Network performance is generally considered in terms of speed, accuracy, dependability and availability aspects of point-to-point IP packet delivery. Speed parameters are usually the maximum, average, and variation of packet delay. End-to-end packet delays are the accumulation of transmission, propagation, queueing, and processing delays at each router. Maximum packet delay is obviously important for real-time applications, while delay variation can affect buffer underflow/overflow for streaming applications. Different metrics for delay variation are possible, such as the max-min range, upper quantile, or deviation from an expected reference packet pattern. Accuracy is measured in errored packets, that is, delivered packets with bit errors in the header or payload (the header checksum can detect most errors in the header, resulting in a discarded packet). Accuracy is usually not a parameter of great concern because bit errors in the packet payload are assumed to be correctable by the higher-layer protocols if data integrity is important to the application.
Dependability refers to the packet loss ratio or fraction of packets not delivered. IP packets may be lost due to various reasons: router buffer overflows, bit errors in the packet header, expiration of the time-to-live (TTL) field, unrecognized or unreachable destination address, invalid header fields, or inability to fragment if needed. In the current best-effort IP service, the packet loss ratio can be unbounded but is obviously important to certain real-time applications that cannot retransmit lost data. For applications that can recover lost data through retransmissions, a high loss ratio could result in inefficient multiple retransmissions. If the packet loss ratio is very high, the destination will be considered unavailable.

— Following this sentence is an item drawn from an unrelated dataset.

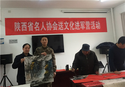 1月29日,大爱寒冬暖、军民情意浓,正值传统节日新年来临之际,陕西省名人协会秘书长王树潮、协会少工委副主任卞正华带领陕西省著名人物档案协会的会员代表刘平(西安市公安局原局长),郭政强(安康军分区政委)著名书画家李乐见以及韩城市文联主席樊君峰带领的韩城美协副主席王继江、薛增勤、老年书画学会党支部书记吴邦学、会长李岳民、副会长孙选民同省名人协会杂志社冯家敏,翟刘玲一起来到军营,现场为官兵挥毫泼墨,送上新春祝福。韩城市神龍矿业有限責任公司全程给予资助。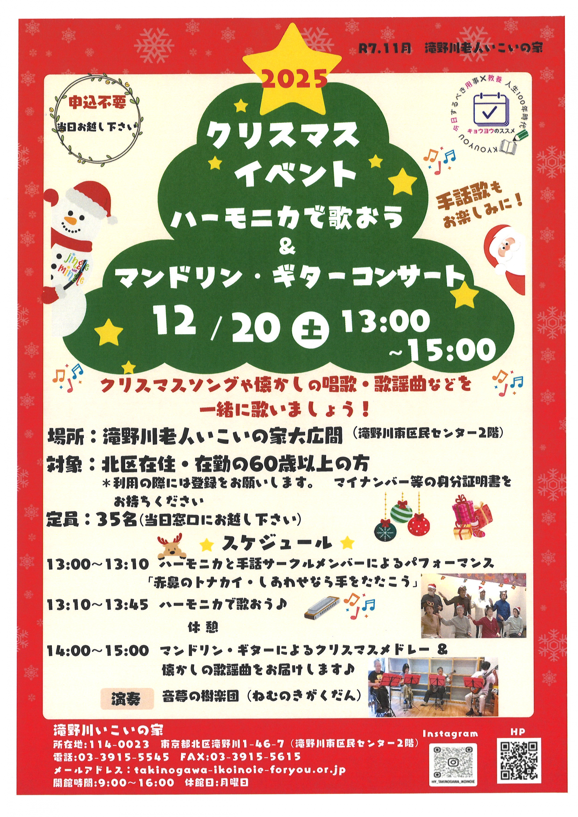 🎄クリスマスイベント⭐ハーモニカで歌おう&マンドリン・ギターコンサート♫

These performance metrics are generally statistical definitions in reference to a long or infinite time horizon. Also, they implicitly assume no fragmentation but need more careful definition in the case of fragmentation (for example, packet delay when the original packet is divided into multiple independent IP datagrams can mean the maximum delay of any fragment).
As mentioned previously, the traditional means for IP-layer performance measurements is the ping tool (and its many variations), which is a pair of ICMP echo request and echo response messages to verify connectivity to a host. The ICMP was designed mainly to report trouble conditions from routers (for example, destination-unreachable causes) instead of a means to carry out performance measurements. Although ping is mainly for verifying connectivity to another host, it can be used in more general ways. Repeated pings are an active, on-demand method to collect an empirical distribution function of roundtrip delay. Packet delays and delay jitter are directly proportional to congestion, so repeated pings can provide an indication of congestion level. Also, since pings are themselves IP packets, they can provide a sample of the general packet loss ratio.

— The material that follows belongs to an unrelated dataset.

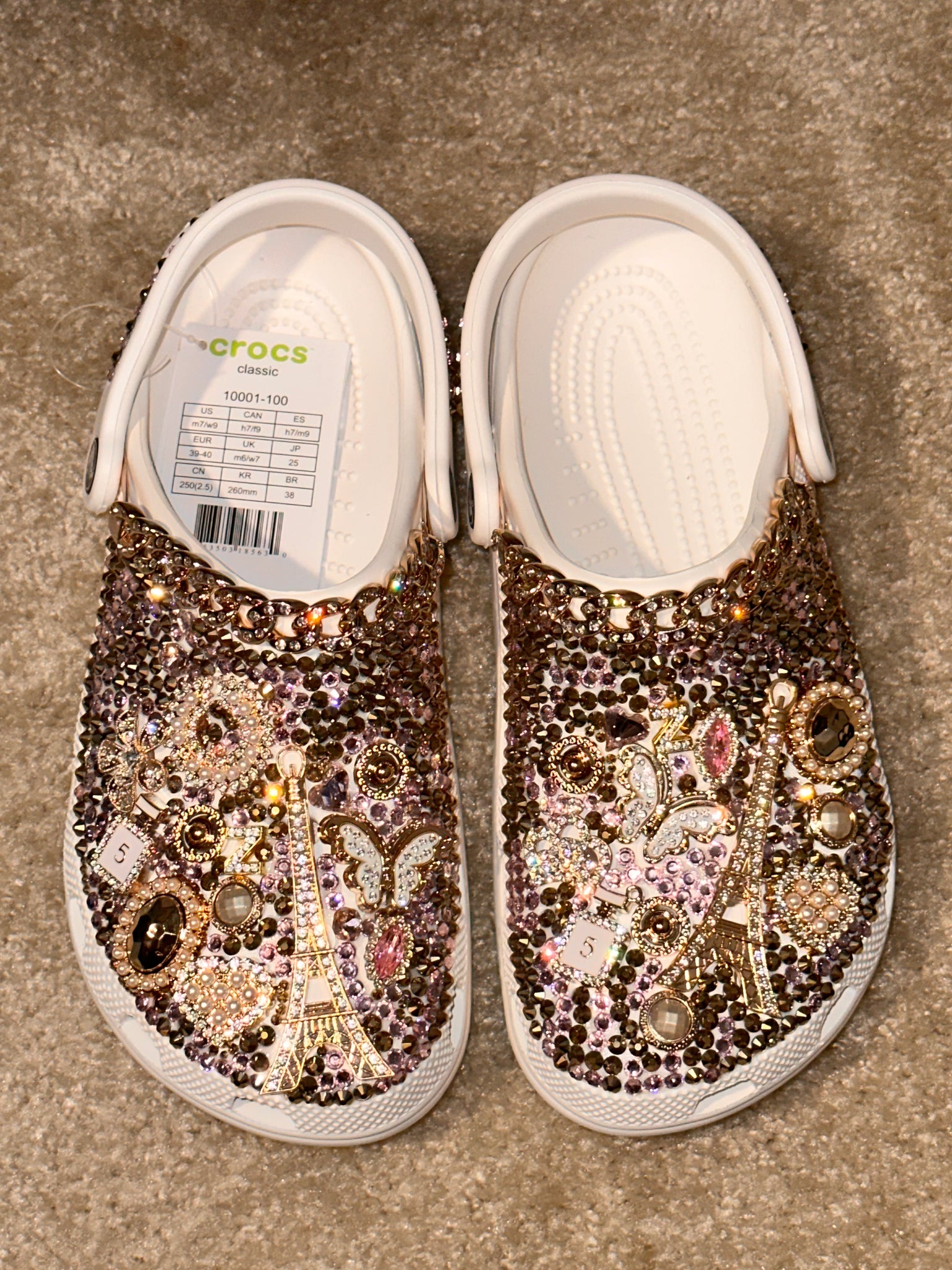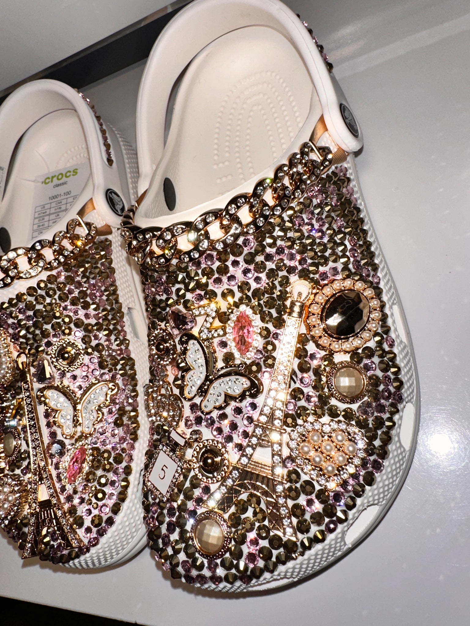 Custom Bling Crocs – Paris-Inspired Sparkle Shoes for Kids & Adults

Usually, pings are not repeated frequently enough to significantly affect network performance. However, the accuracy of delay measurements is a more signficant issue. First, if the network behavior is periodic, periodically repeated pings may not observe the behavior accurately. Second, periodic sampling may affect network behavior by some unpredictable synchronization effect. Poisson sampling (with exponentially distributed random times between samples) as a way of random sampling has been recommended [7]. Third, one-way delay is more important for certain applications than roundtrip delay (and one-way delay is a more typical QOS parameter). One-way delay might be measured if the ICMP echo request message contains a timestamp, but the accuracy of this method has two requirements: clocks (time-of-day) at the source and destination hosts must be synchronized (today, synchronization within 100µsec is affordable by means of global positioning systems); and hosts must be able to write timestamps immediately prior to packet transmission and read timestamps immediately after packet receipt (possibly with special hardware).

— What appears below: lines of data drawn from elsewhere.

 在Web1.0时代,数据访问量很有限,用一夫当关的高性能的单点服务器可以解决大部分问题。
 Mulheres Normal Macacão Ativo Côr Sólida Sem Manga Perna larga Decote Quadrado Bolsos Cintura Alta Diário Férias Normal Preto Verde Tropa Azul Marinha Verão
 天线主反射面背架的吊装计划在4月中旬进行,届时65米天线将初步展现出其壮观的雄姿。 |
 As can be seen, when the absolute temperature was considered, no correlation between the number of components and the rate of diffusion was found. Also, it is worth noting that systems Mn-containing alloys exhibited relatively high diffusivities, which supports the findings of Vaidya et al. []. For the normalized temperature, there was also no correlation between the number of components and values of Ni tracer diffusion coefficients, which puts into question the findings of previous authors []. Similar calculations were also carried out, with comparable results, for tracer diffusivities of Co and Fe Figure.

Ping is an example of black box testing in which the network is used only for packet delivery. This has the advantage of simple implementation (no special packet processing within the network), but no information is collected about intermediate routers. Observability of intermediate routers is enabled by another widely used program, traceroute, which exploits the ICMP time exceeded message normally generated to signal a packet loss due to expiration of the TTL field. Traceroute deliberately sends a sequence of IP packets with limited TTL fields to discover routers within a proximity. Because IP is connectionless, however, traceroute does not guarantee the discovered route was the actual route followed by a packet.
For a connectionless protocol, the only way to make performance measurements associated with a specific packet’s route is through the packet header. Actually, IP allows a packet’s route to be traced using the IP header record route option. This option follows the IP (version 4) mandatory header, leaving empty space for several IP addresses to be filled by routers visited by the packet. Similarly, the IP header timestamp option leaves empty space after the mandatory IP header for routers to fill in their IP addresses and timestamps. In fact, since ICMP messages are carried within IP datagrams, ping can also use the record route or timestamp options to obtain route information as well as test connectivity. Unfortunately, these options have limitations in the current implementation. First, the space is currently limited to nine addresses or timestamps. The 4-bit header length field in the IP header imposes a maximum header of 60 bytes including a 20-byte mandatory part, leaving 40 bytes for header options. In this space, 3 bytes is taken to specify the option and each IP address or timestamp requires 4 bytes, which leaves space for only 9 addresses/timestamps. Various solutions are possible, for example, since a 20-byte header is mandatory, the header length field can be reinterpreted as the length of the options. This would increase the space to 60 bytes for options, or 14 addresses/timestamps. The header length field can be lengthened to allow more addresses or timestamps, but will always be limited to a certain number. A second issue is that IP header options are not universally supported by all routers. If these two issues could be resolved, header options might become a powerful mechanism for on-demand performance monitoring. For example, new options could be defined to collect all types of performance data directly for any packet, for example, utilization per hop, queueing delay per hop, packets lost since the last header option, and so forth.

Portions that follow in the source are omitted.